TASK MATERIAL:

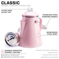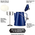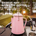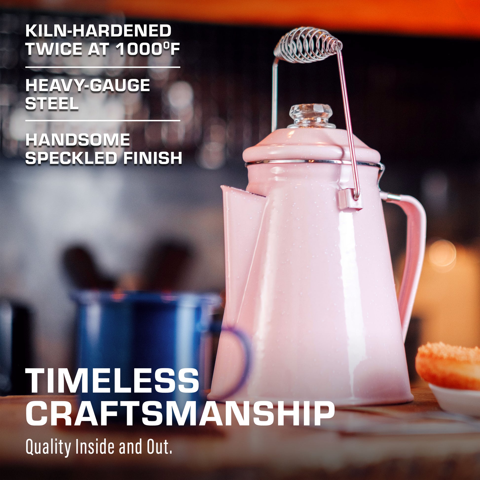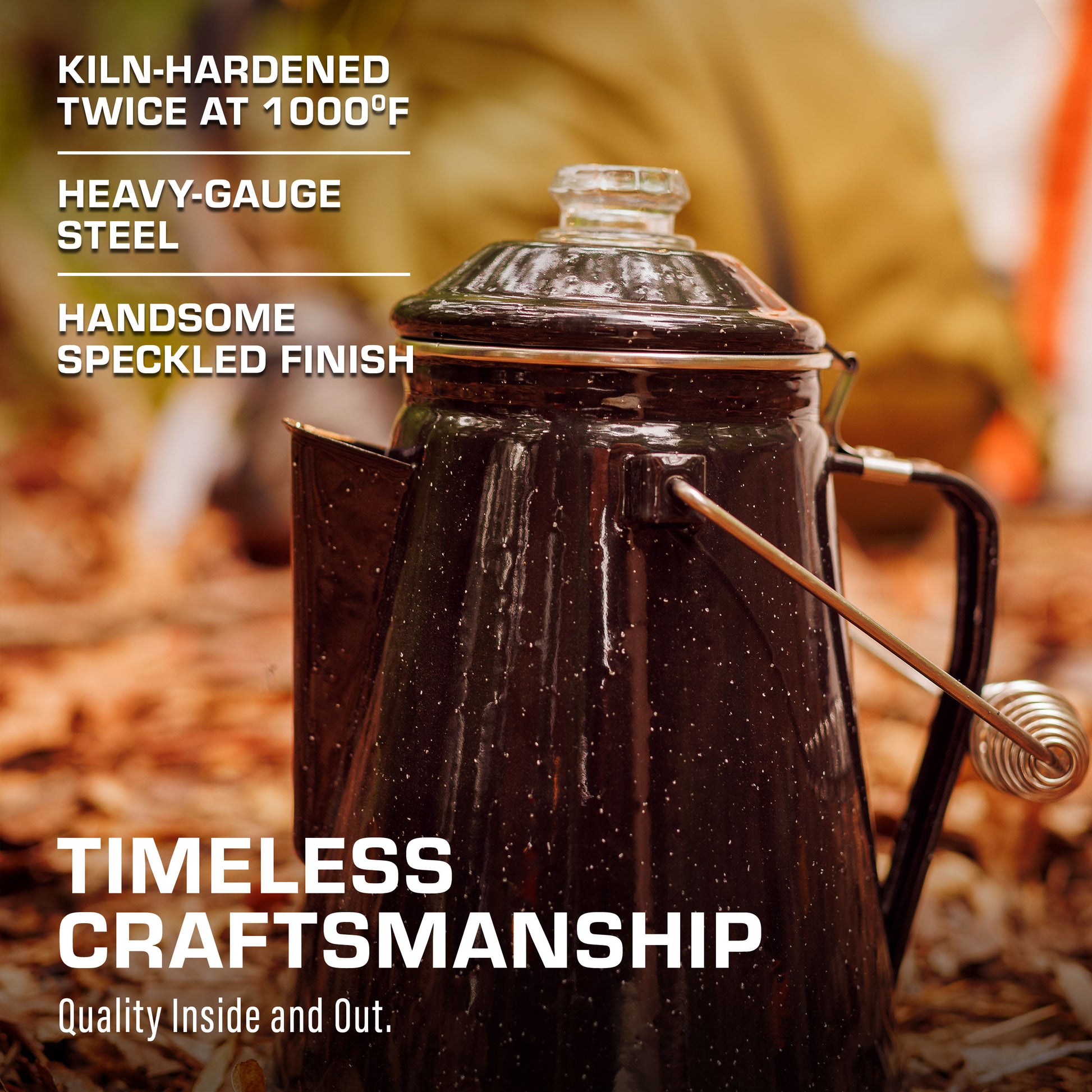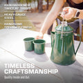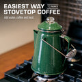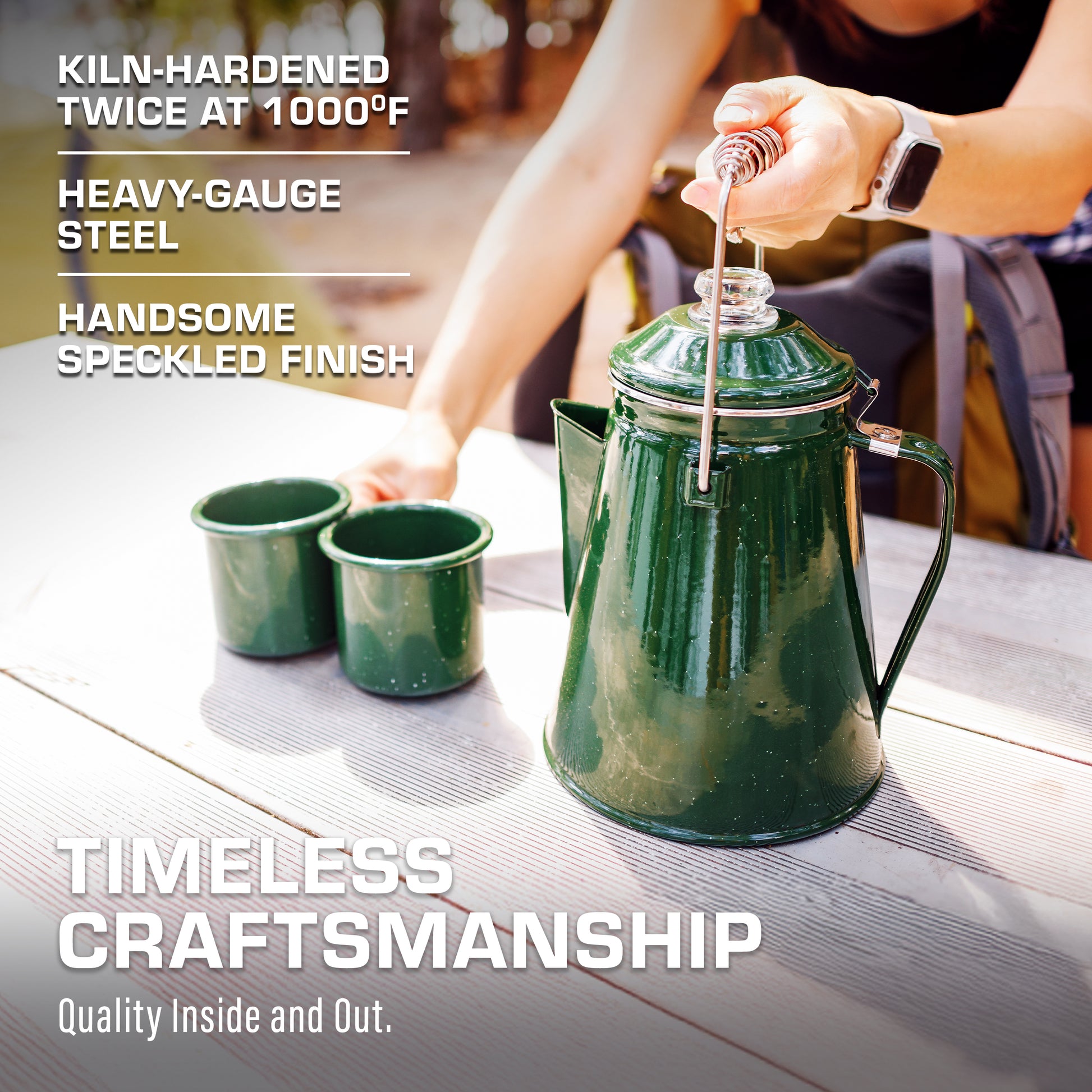 - TIMELESS CRAFTSMANSHIP – Built from heavy-gauge steel, every piece of this stovetop coffee maker is kiln-hardened twice at 1,000℉. A handsome blue camping coffee pot built to last
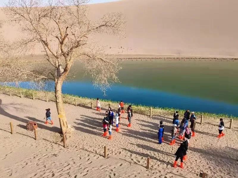 絲路飛天舞神韻,鳴沙盛景迎賓朋。2021“東亞文化之都·中國敦煌活動年”4月9日盛大啟幕。4月10日上午,來自日本、韓國、柬埔寨等外國嘉賓和留學(xué)生代表,以及國內(nèi)部分省市文旅部門和城市代表、文旅企業(yè)代表、媒體記者等參觀考察了鳴沙山月牙泉國家級風(fēng)景名勝區(qū)。 鳴沙山月牙泉風(fēng)景區(qū)位于敦煌市城南5公里,以山稱奇,以泉叫絕,因沙動成響冠雄,因沙抱月泉顯奇,千百年來,以山泉共處、沙水共生的沙漠奇觀著稱于世,被譽為塞外風(fēng)光之一絕。四月的鳴沙山,天朗氣清,滿面春風(fēng)。進入山門,一峰峰駱駝從眼前走過,形成了一道獨特的風(fēng)景線。月牙泉邊,泉水碧波蕩漾,樹木發(fā)出嫩芽,天空湛藍,泉水清透。古色古香的月泉閣下,桃花、梨花、丁香花競相開放。春天的鳴沙山月牙泉,一切都美得剛剛好。 景區(qū)內(nèi),中外嘉賓縱情奇山秀水間,觀大漠風(fēng)光綺麗,賞金色沙海神奇,與大漠深情擁抱,與自然完美邂逅。一隊隊的駱駝在沙漠中穿行而過,仿若絲綢之路的繁盛景象呈現(xiàn)在眼前。中外嘉賓不時對鳴沙山月牙泉山泉相依的美景、沙不掩泉的奇觀贊嘆不已,并對景區(qū)優(yōu)質(zhì)貼心的服務(wù)表示誠摯的感謝。據(jù)了解,“東亞文化之都”是中日韓共同推進的亞洲第一個國際性文化城市命名活動,自2013年啟動以來,各國每年評選1至2個城市。目前,中日韓三國已有25座城市獲此榮譽。當(dāng)選城市將以“東亞文化之都”名義集中開展形式多樣的國際文化與旅游交流合作。2020年12月,敦煌市與紹興市、日本的北九州市、韓國的順天市共同當(dāng)選2021年“東亞文化之都”。 |
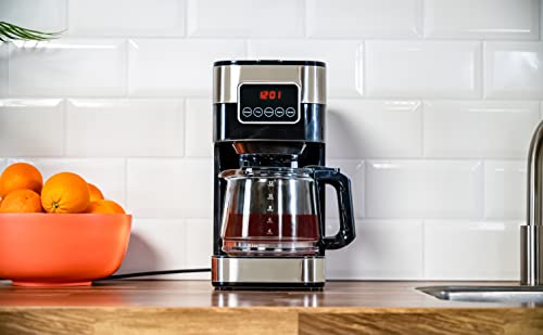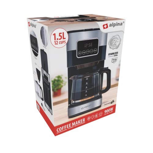 alpina Kaffeemaschine 900W – Filterkaffee – 1,5 L/12 Tassen – Zeitvorwahl – Warmhalteplatte – Digitalanzeige – Schwarz
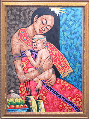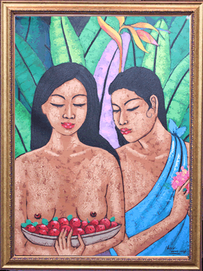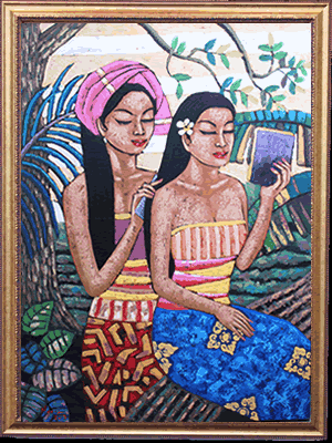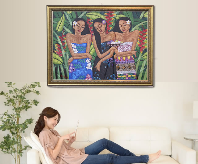 当時は絵画としてではなく、王宮の装飾画として発展をしていきました。その中で、大きな転換点を迎えることになります。それは19世紀のオランダによる植民地化です。その時に、西洋の技術が取り込まれ、様々な技法(スタイル)が生まれていきました。遠近感や影、鮮やかな色彩を使ったウブドスタイルや現在人気の高いモダンスタイルなどがあります。様々な技法が発達する事でバリ絵画は国際的な水準のレベルまで引き上がりました。しかし、旧来の技法は失われることはありません。古来から続くカマサンスタイルのようなスタイルも受け継がれ、そしてより高い完成度を目指して発展を続けています。その中で、私たちが出会った「癒しのバリ絵画」は油絵具を使用した、優しいモダンスタイルの絵画でした。バリ島女性の優しさの中にエキゾチックな雰囲気を感じるヒーリングアートの最高傑作です。
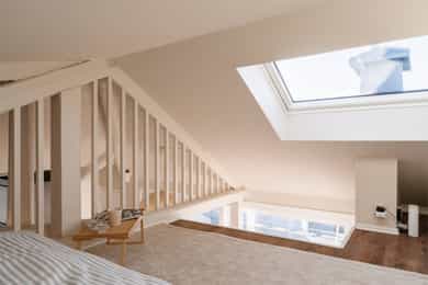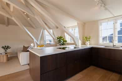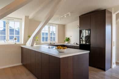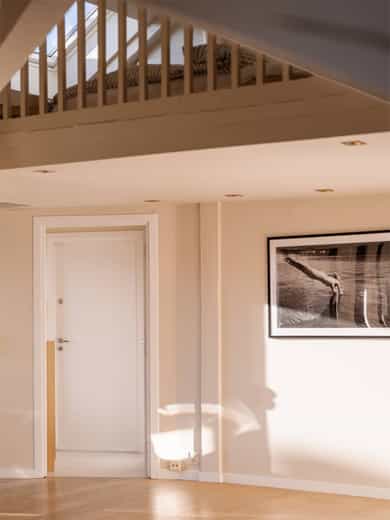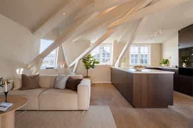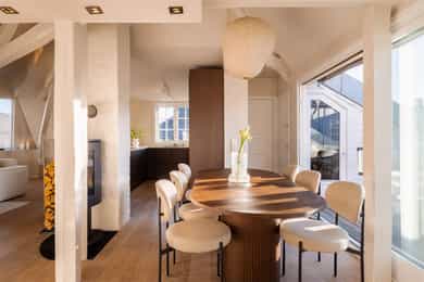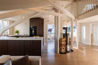 1983: Loftet ble bygget om til leiligheter.

AIM OF THE EXERCISE: Would it be possible to print the records above verbatim, pictures omitted?

FINISHED TASK:
 - TIMELESS CRAFTSMANSHIP – Built from heavy-gauge steel, every piece of this stovetop coffee maker is kiln-hardened twice at 1,000℉. A handsome blue camping coffee pot built to last
 絲路飛天舞神韻,鳴沙盛景迎賓朋。2021“東亞文化之都·中國敦煌活動年”4月9日盛大啟幕。4月10日上午,來自日本、韓國、柬埔寨等外國嘉賓和留學(xué)生代表,以及國內(nèi)部分省市文旅部門和城市代表、文旅企業(yè)代表、媒體記者等參觀考察了鳴沙山月牙泉國家級風(fēng)景名勝區(qū)。 鳴沙山月牙泉風(fēng)景區(qū)位于敦煌市城南5公里,以山稱奇,以泉叫絕,因沙動成響冠雄,因沙抱月泉顯奇,千百年來,以山泉共處、沙水共生的沙漠奇觀著稱于世,被譽為塞外風(fēng)光之一絕。四月的鳴沙山,天朗氣清,滿面春風(fēng)。進入山門,一峰峰駱駝從眼前走過,形成了一道獨特的風(fēng)景線。月牙泉邊,泉水碧波蕩漾,樹木發(fā)出嫩芽,天空湛藍,泉水清透。古色古香的月泉閣下,桃花、梨花、丁香花競相開放。春天的鳴沙山月牙泉,一切都美得剛剛好。 景區(qū)內(nèi),中外嘉賓縱情奇山秀水間,觀大漠風(fēng)光綺麗,賞金色沙海神奇,與大漠深情擁抱,與自然完美邂逅。一隊隊的駱駝在沙漠中穿行而過,仿若絲綢之路的繁盛景象呈現(xiàn)在眼前。中外嘉賓不時對鳴沙山月牙泉山泉相依的美景、沙不掩泉的奇觀贊嘆不已,并對景區(qū)優(yōu)質(zhì)貼心的服務(wù)表示誠摯的感謝。據(jù)了解,“東亞文化之都”是中日韓共同推進的亞洲第一個國際性文化城市命名活動,自2013年啟動以來,各國每年評選1至2個城市。目前,中日韓三國已有25座城市獲此榮譽。當(dāng)選城市將以“東亞文化之都”名義集中開展形式多樣的國際文化與旅游交流合作。2020年12月,敦煌市與紹興市、日本的北九州市、韓國的順天市共同當(dāng)選2021年“東亞文化之都”。 |
 alpina Kaffeemaschine 900W – Filterkaffee – 1,5 L/12 Tassen – Zeitvorwahl – Warmhalteplatte – Digitalanzeige – Schwarz
 当時は絵画としてではなく、王宮の装飾画として発展をしていきました。その中で、大きな転換点を迎えることになります。それは19世紀のオランダによる植民地化です。その時に、西洋の技術が取り込まれ、様々な技法(スタイル)が生まれていきました。遠近感や影、鮮やかな色彩を使ったウブドスタイルや現在人気の高いモダンスタイルなどがあります。様々な技法が発達する事でバリ絵画は国際的な水準のレベルまで引き上がりました。しかし、旧来の技法は失われることはありません。古来から続くカマサンスタイルのようなスタイルも受け継がれ、そしてより高い完成度を目指して発展を続けています。その中で、私たちが出会った「癒しのバリ絵画」は油絵具を使用した、優しいモダンスタイルの絵画でした。バリ島女性の優しさの中にエキゾチックな雰囲気を感じるヒーリングアートの最高傑作です。
 1983: Loftet ble bygget om til leiligheter.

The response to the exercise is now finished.